◆ **Exercise goal**
Within the lines below, the span from the line with "Paula Deen’s corn" to the line with "波士顿美术博物馆大师系列莫奈睡莲流油沙漏摆件", both ends included, is to be reproduced exactly, with pictures omitted.

◆ **Data for review**
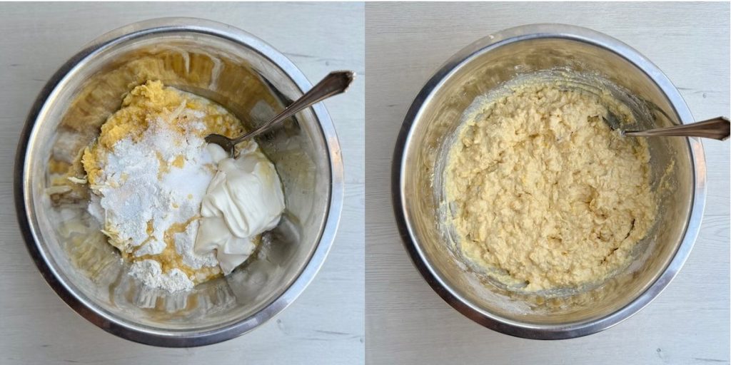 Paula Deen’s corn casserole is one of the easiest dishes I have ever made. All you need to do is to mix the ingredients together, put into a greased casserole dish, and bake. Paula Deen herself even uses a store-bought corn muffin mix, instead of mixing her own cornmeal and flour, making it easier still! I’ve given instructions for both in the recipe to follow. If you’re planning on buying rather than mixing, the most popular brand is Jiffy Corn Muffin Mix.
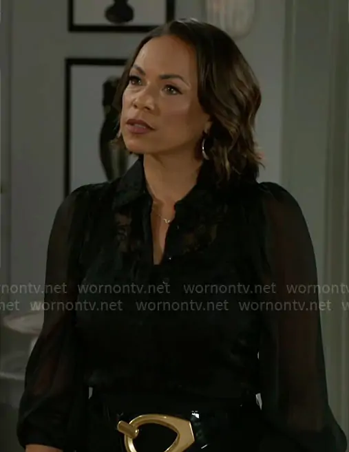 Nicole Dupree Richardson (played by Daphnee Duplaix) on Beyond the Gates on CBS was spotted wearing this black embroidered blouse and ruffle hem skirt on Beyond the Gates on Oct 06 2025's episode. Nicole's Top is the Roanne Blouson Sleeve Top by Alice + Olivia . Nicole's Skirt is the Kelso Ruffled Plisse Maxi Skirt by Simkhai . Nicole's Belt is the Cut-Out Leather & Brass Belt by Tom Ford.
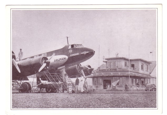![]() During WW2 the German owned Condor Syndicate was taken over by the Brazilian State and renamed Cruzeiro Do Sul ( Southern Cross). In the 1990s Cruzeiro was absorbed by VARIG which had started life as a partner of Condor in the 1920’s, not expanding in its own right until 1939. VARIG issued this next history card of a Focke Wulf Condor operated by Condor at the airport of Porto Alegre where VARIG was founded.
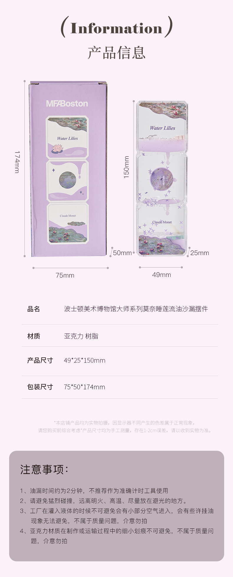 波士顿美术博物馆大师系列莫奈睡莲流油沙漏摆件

---

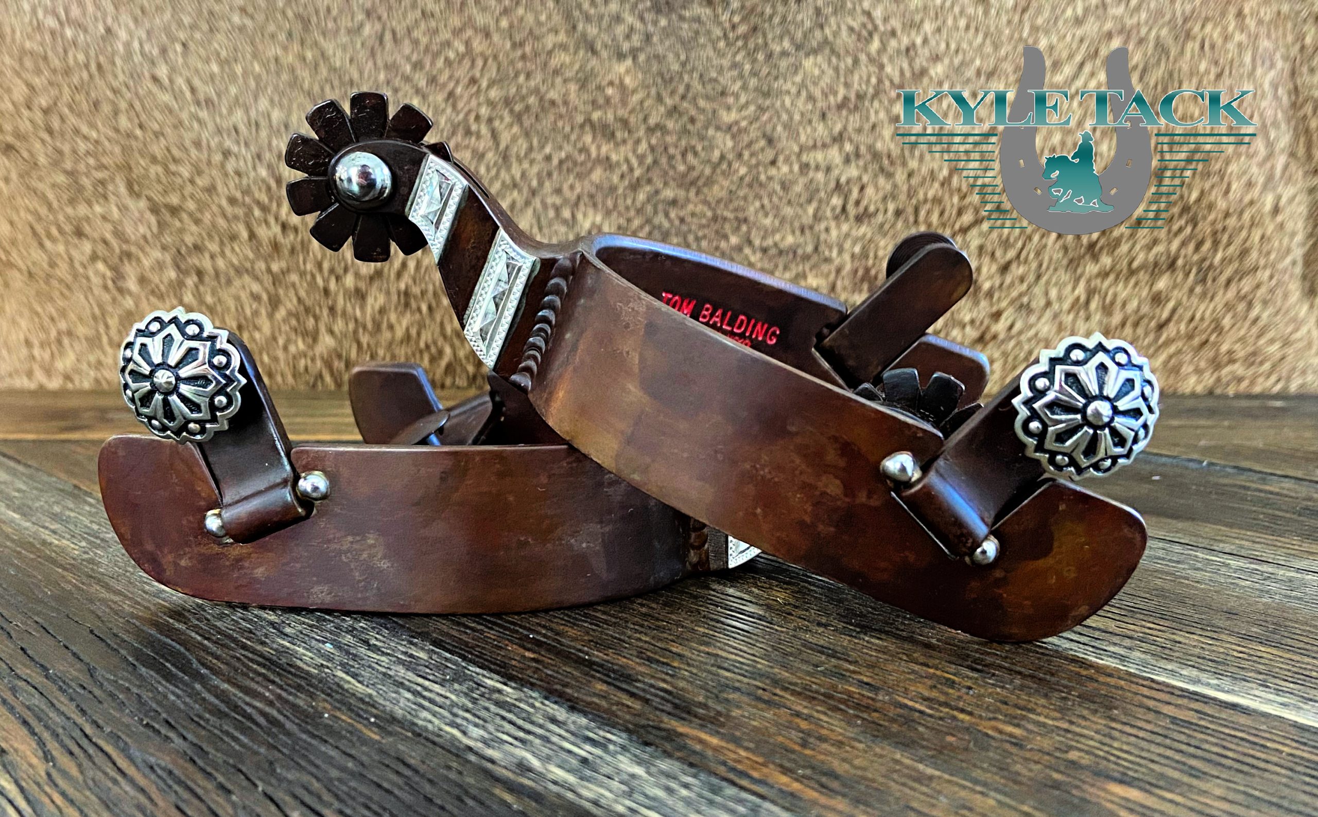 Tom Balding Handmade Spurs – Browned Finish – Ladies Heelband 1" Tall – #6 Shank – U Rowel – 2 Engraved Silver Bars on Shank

◆ **Answer for this exercise**
 Paula Deen’s corn casserole is one of the easiest dishes I have ever made. All you need to do is to mix the ingredients together, put into a greased casserole dish, and bake. Paula Deen herself even uses a store-bought corn muffin mix, instead of mixing her own cornmeal and flour, making it easier still! I’ve given instructions for both in the recipe to follow. If you’re planning on buying rather than mixing, the most popular brand is Jiffy Corn Muffin Mix.
 Nicole Dupree Richardson (played by Daphnee Duplaix) on Beyond the Gates on CBS was spotted wearing this black embroidered blouse and ruffle hem skirt on Beyond the Gates on Oct 06 2025's episode. Nicole's Top is the Roanne Blouson Sleeve Top by Alice + Olivia . Nicole's Skirt is the Kelso Ruffled Plisse Maxi Skirt by Simkhai . Nicole's Belt is the Cut-Out Leather & Brass Belt by Tom Ford.
![]() During WW2 the German owned Condor Syndicate was taken over by the Brazilian State and renamed Cruzeiro Do Sul ( Southern Cross). In the 1990s Cruzeiro was absorbed by VARIG which had started life as a partner of Condor in the 1920’s, not expanding in its own right until 1939. VARIG issued this next history card of a Focke Wulf Condor operated by Condor at the airport of Porto Alegre where VARIG was founded.
 波士顿美术博物馆大师系列莫奈睡莲流油沙漏摆件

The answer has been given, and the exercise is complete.